Silverado 1500

Make
Chevrolet
Segment
Sports Car

Following a two-week shutdown, General Motors has confirmed it will restart full production of its full-size Chevrolet Silverado and GMC Sierra pickup trucks this coming Monday, August 2. The Flint Assembly plant had been on a one-shift-only policy for most of this month. Two other production facilities that build these vehicles, Fort Wayne Assembly in Indiana and Silao Assembly in Mexico, will also return to full operations on Monday after being shut down entirely in the second half of July. However, full truck production isn't coming without a sacrifice made elsewhere.

The Detroit Free Press was told by the automaker that the three plants charged with building midsize SUVs like the Chevy Traverse and Buick Enclave will see their current downtime extended by an additional week, starting Monday.

Truck production, at least for now, takes priority above all else. "Although the situation remains complex and very fluid, our global purchasing and supply chain, engineering and manufacturing teams continue to find creative solutions and make strides working with the supply base to minimize the impact to our highest-demand and capacity-constrained vehicles," a GM spokesperson said.

Automakers have been faced with a crisis unlike ever before due to a lack of semiconductor chips. These essential chips are only about the size of a thumbnail and yet they control vital vehicle systems. New vehicles typically cannot be completed and shipped to dealers without them but clever workarounds have been implemented.

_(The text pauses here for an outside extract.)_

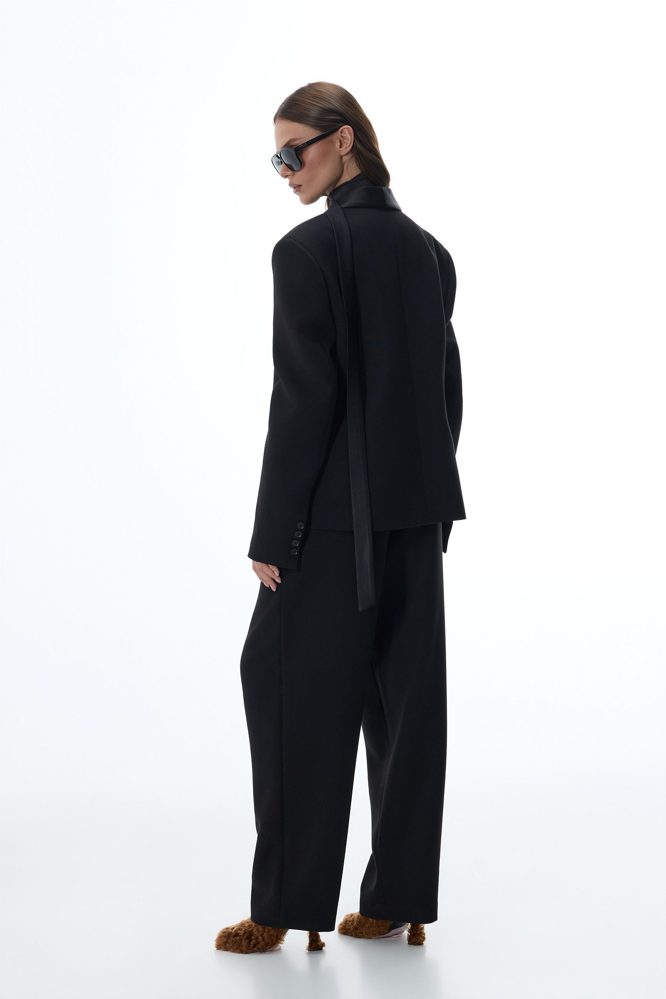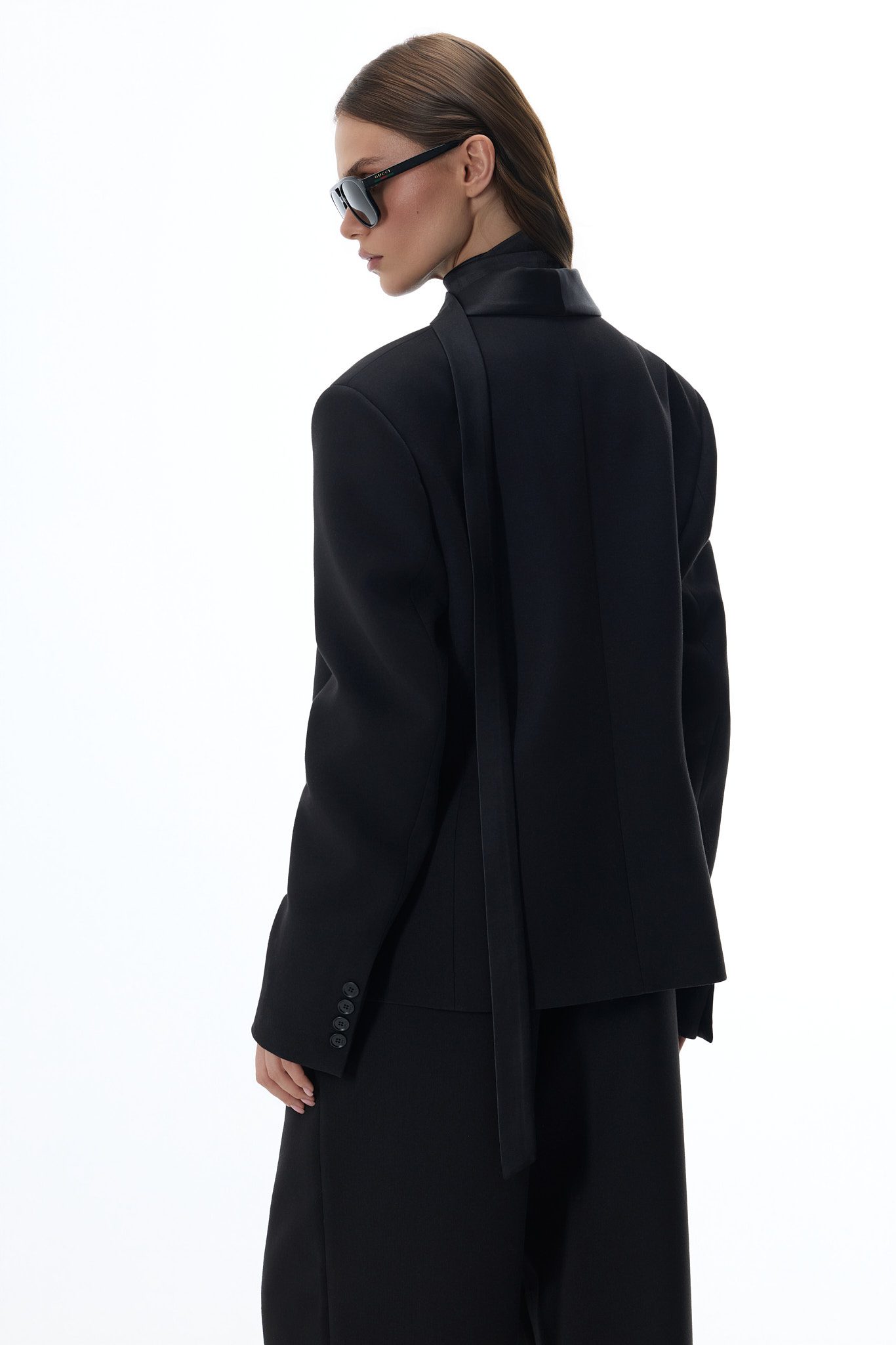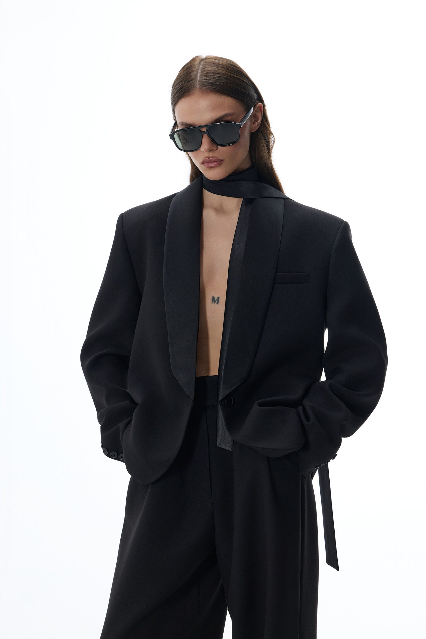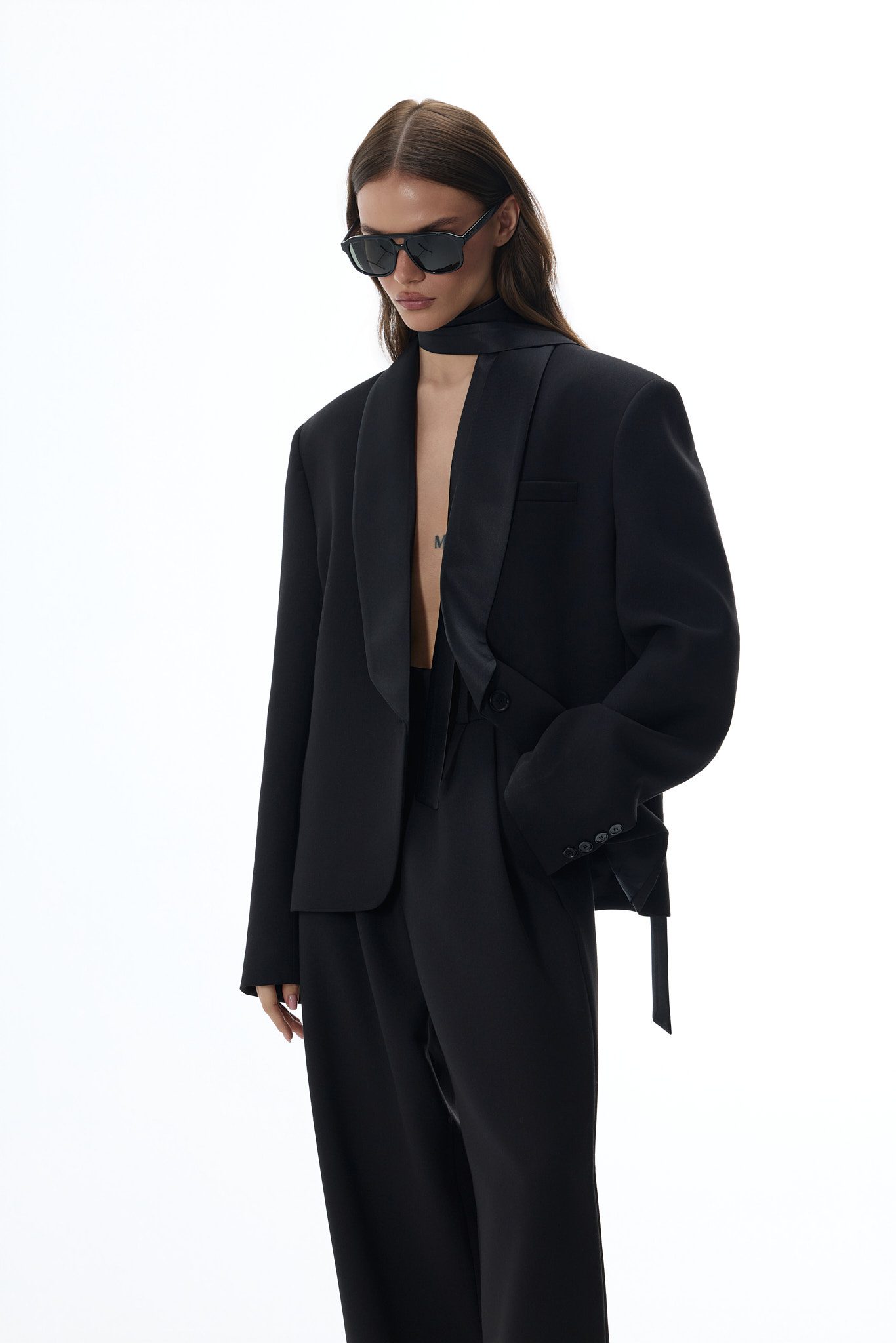 Wyjątkowego charakteru nadają jej szalowe klapy wykończone subtelnym połyskiem, które przyciągają wzrok i dodają stylizacji luksusowego wyrazu. Gładka struktura materiału oraz minimalistyczne wykończenie sprawiają, że marynarka doskonale wpisuje się zarówno w formalne, jak i nowoczesne zestawy.

Stopping production, even for a limited time, is the last resort. In addition to those popular trucks, additional GM plants will be back up and running throughout August. The Cadillac CT4 and CT5, built at Lansing Grand River Assembly, will resume production on August 30; neither vehicle has been built since last May. In late September, the Cadillac XT4 assembly line will be turned back on at the Fairfax Assembly though the Chevy Malibu, which is also built there, will not resume production yet. The Chevy Equinox and GMC Terrain production in Mexico won't begin again until August 16 after a month of downtime.

Whether GM can maintain its new schedule remains unknown. It all boils down to chip supplies and how they're allocated.